この根暗女は昔からそうだ、事あるごとに昔を引き合いにしてからかってくる。
こういう時、俺は少しこいつが嫌いだ。
思い出したくもない過去なんて誰にだっていくらでもあるし、ことさら俺の場合黒歴史が大きすぎる。
「ちょっと、悪かった! 悪かったって! もー謝ってるでしょ?」
猫背気味の背をさらに丸め早足に坂道を登る俺に追いつくと、へらへら笑いながら真田は俺の背をぽんぽんと叩く。

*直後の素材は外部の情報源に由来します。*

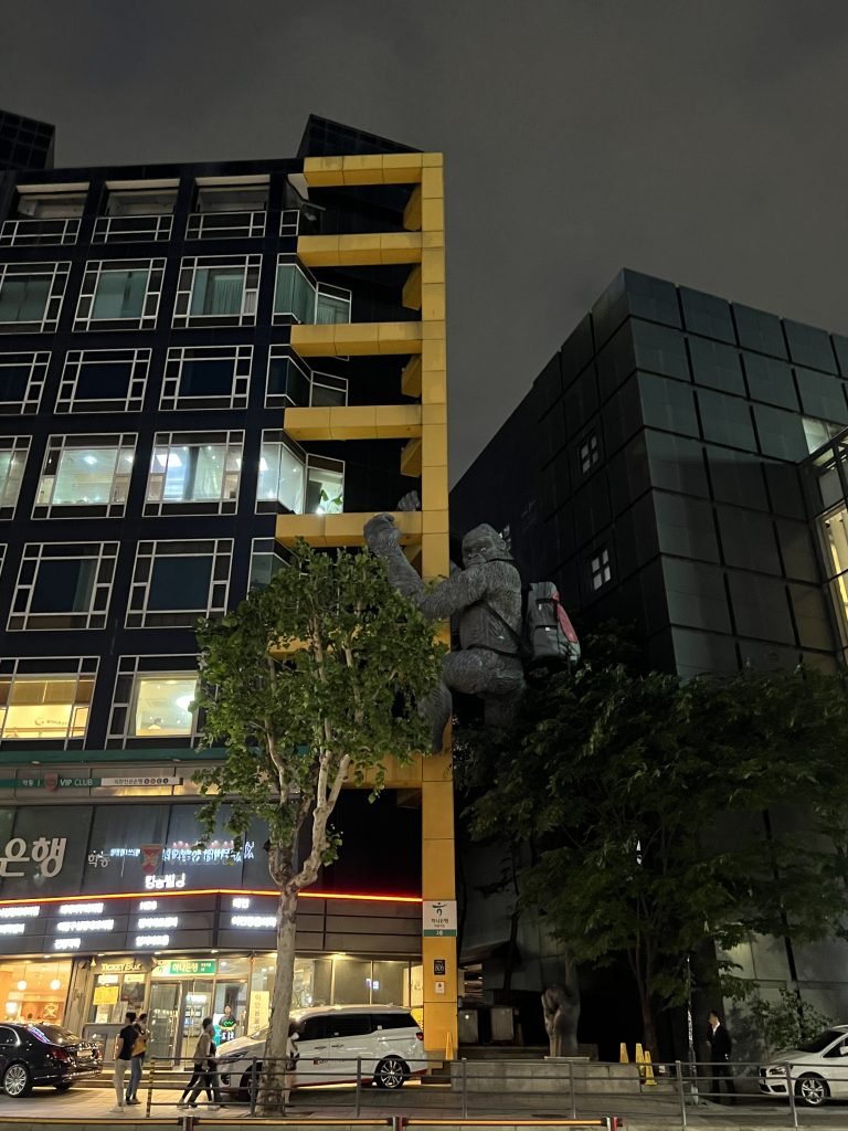Camminando nel quartiere di Gangnam, uno dei più nuovi di Seoul a sud del fiume Han, si può trovare una scultura di un gorilla armato di zaino sulle spalle che si arrampica su un condominio.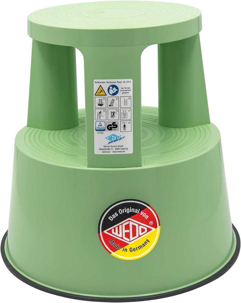 Wedo Rollhocker Step aus Kunststoff, bruchfest, rollbarer Tritthocker, TÜV-geprüft, Made in Germany,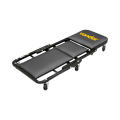 Material da esteira para mecânico: estrutura reforçada em metalon com base rígida em aglomerado, forrado com espuma e revestido com material sintético.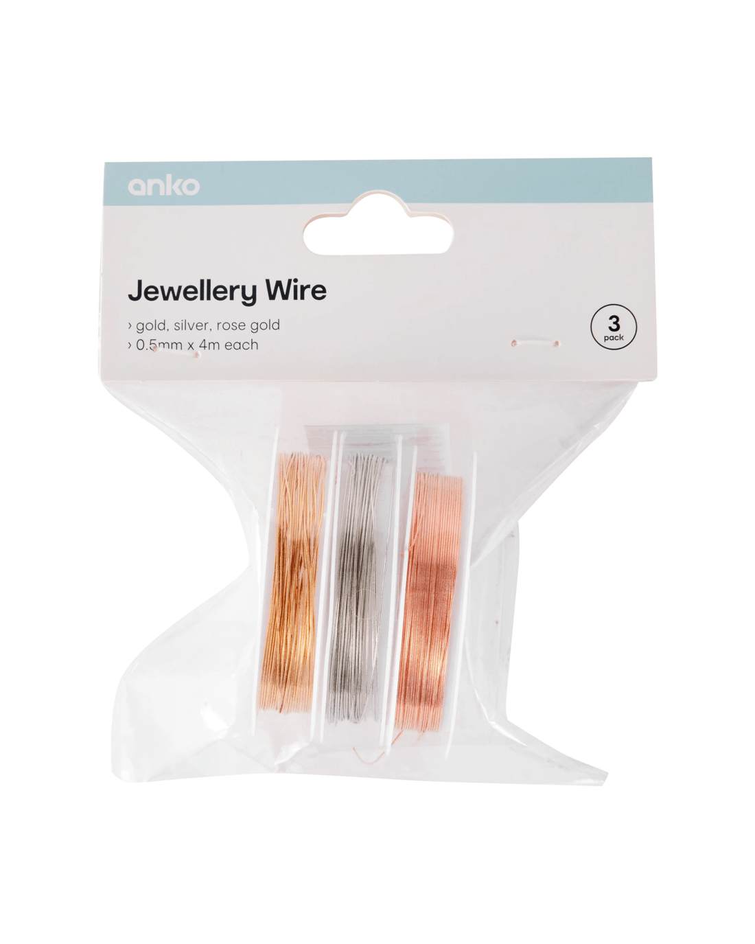 Sold by Kmart3 Pack Jewellery Wire - Gold Look, Silver Look and Rose Gold Look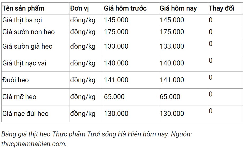 Hôm nay giá thịt heo tại Công ty Thực phẩm Tươi sống Hà Hiền hiện vẫn không xuất hiện điều chỉnh.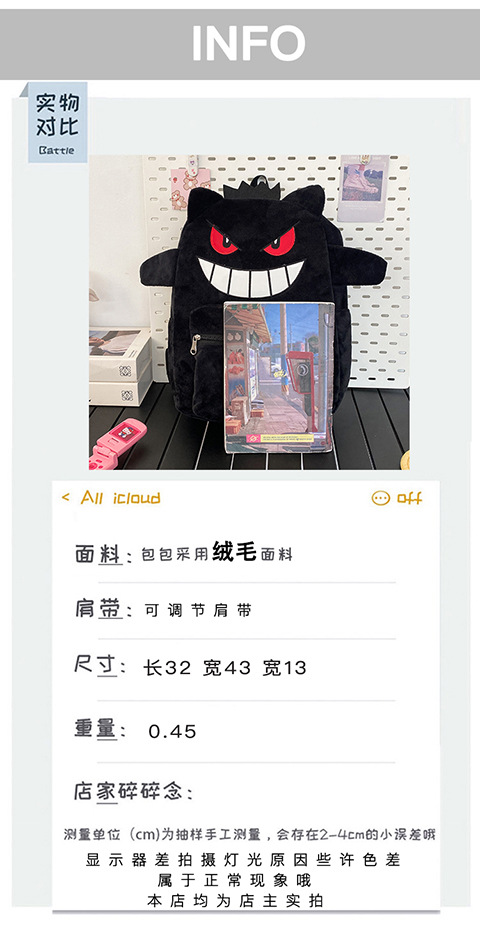 2026년 신형 겐키 보라색 플러시 백팩, 커플, 남녀 학생용, 만화 애니메이션 백팩, 대용량스토어 가기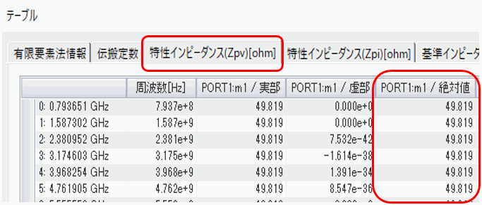 図2:解析結果テーブル(特性インピーダンス(Zpv))
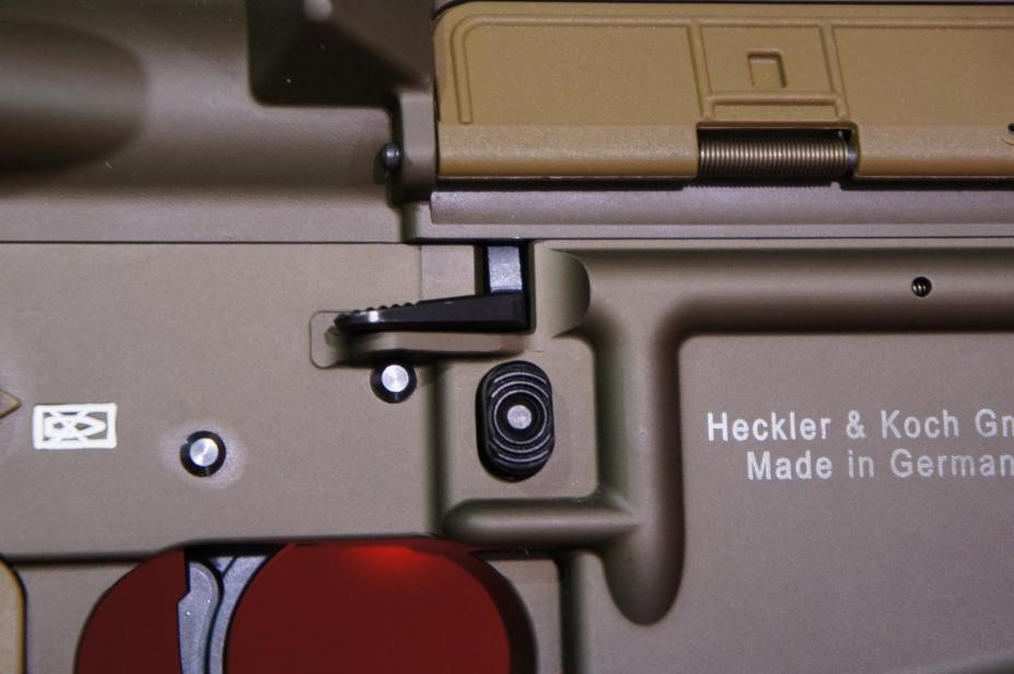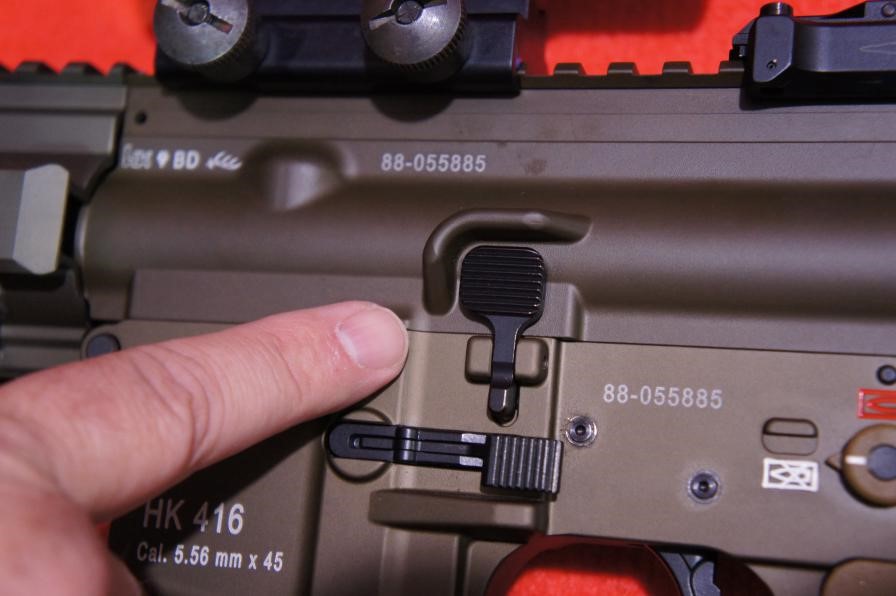 2012年初次公布的HK416A5的细节,此时的弹匣释放钮、双侧空仓挂机释放杆等只有单侧
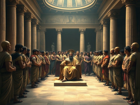Архонт, сидящий в окружении своих приближенных.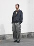 ライダースとダブルのジャケットを 合体させたようなtopsに ポリウレタン素材のカーゴパンツを 合わせてみました。 topsと靴はフォーマルに インナーとbottomは少しカジュアルに してみました。パンツの色が絶妙です。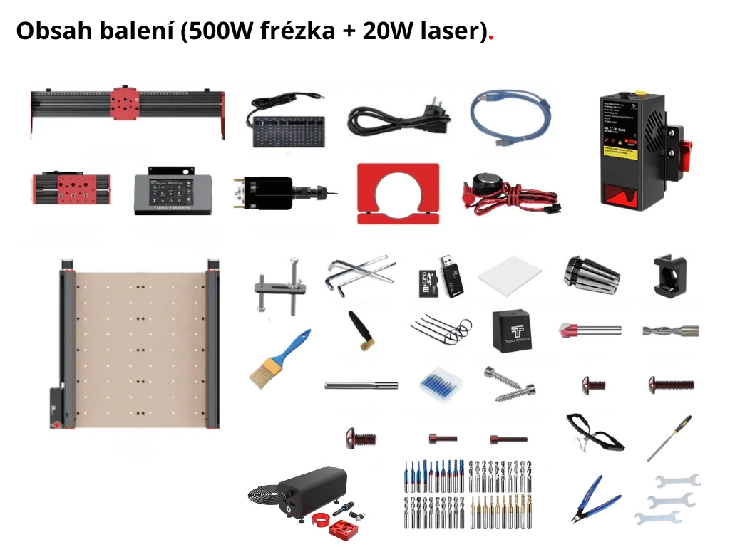 - 1x 20W laserová hlava (Varianta 500W + 20W laser)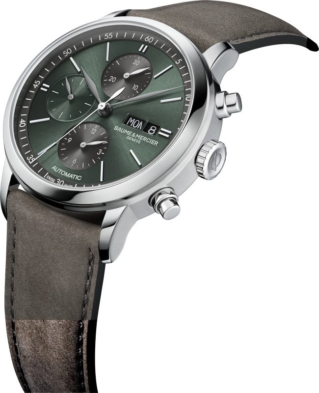 Il Classima combina un quadrante verde con finitura satinata soleil e un réhaut color ardesia con contatori verdi e ardesia per il cronografo e i piccoli secondi. Gli indici rodiati rivettati e le lancette a foglia in rutenio conferiscono un’estetica raffinata. La lancetta dei secondi cronografici ha un’estremità bianca per una migliore leggibilità. Il giorno e la data sono posizionati a ore 3. La cassa in acciaio inossidabile lucido da 42 mm di diametro e 13,2 mm di spessore è protetta da un vetro zaffiro antigraffio, con un fondello personalizzabile con incisione. Il movimento automatico offre una riserva di carica di 48 ore e un’impermeabilità fino a 5 ATM. Il cinturino intercambiabile in pelle di vitello nabuk marrone-grigio con impunture tono su tono si chiude con una doppia fibbia pieghevole in acciaio inossidabile con pulsanti di sicurezza.

「お前の悪いところは思ってもないことを平然と言うところだ」
「ふふ、それを言うならドドメもだよ」
真田がそう言って立ち止まるものだから、驚いて俺も振り返る。
「……何の話だ」
「わかってるでしょう? 私が君と一緒にいる『理由』」
ああ。
俺は知っている。
この女が俺を見ている訳を、俺がこいつに見せた過去を。
「わかってるよ、くだらないことだ」
わかっているのだ、この悪趣味な女と自分は相当に相性がいい。
きっとこの女は俺をみて面白がっているし、また俺はそれを拒むつもりがない。
この腐れ縁はきっと切れない、この悪趣味で不健全で絶望的なまでに毒々しい関係は、彼女が死ぬか、俺が死ぬかのどちらかでしか終わらない。
「案外気に入ってるくせに」
「うるせぇよ根暗女」
再確認するかのような言葉の後に再び歩き出す。
他愛もない会話と、腐れ縁と、少しの特別。
人として最低限の変わらない今日を過ごすための『約束』に、俺はまだしがみついている。
*
桜の舞い散る様子を見て、やはり彼は何も感じないのだろう。
私は猫背の彼の制服の肩に乗る桜を見てすこし微笑みつつ、そんなことを考える。
彼は穴があったら入りたい、そして誰か良ければ土をかけてくれ。
というような人間で、言うなれば『死にたがり』である。
そのくせ優しくて、そのくせ強がりだ。
私はそんな彼が気に入っている。
彼が喜ぶさまを見たいし、彼が落ち込むさまも見たい。
人は彼を「死体」と呼ぶけれど、私はこうも思う。
きっと彼は花火なのだ。
丹精に作りこまれ、火をつけられるときを待っている。
鮮やかに燃え、華やかに散る。
きっと、いい死に方をしなかったと、バッドエンドだと言われようと、彼はきっとそう生きる。
確信めいたときめきを胸に感じ頬が自然に上がる。
その生き方を、その散るさまを、誰より近くで見つめたい。
きっとそれは美しくて、そして醜い唯一無二の華にちがいないから。
彼はドドメ。
浅霧百々目。
あの日交わした約束によって私たちは繋がれている。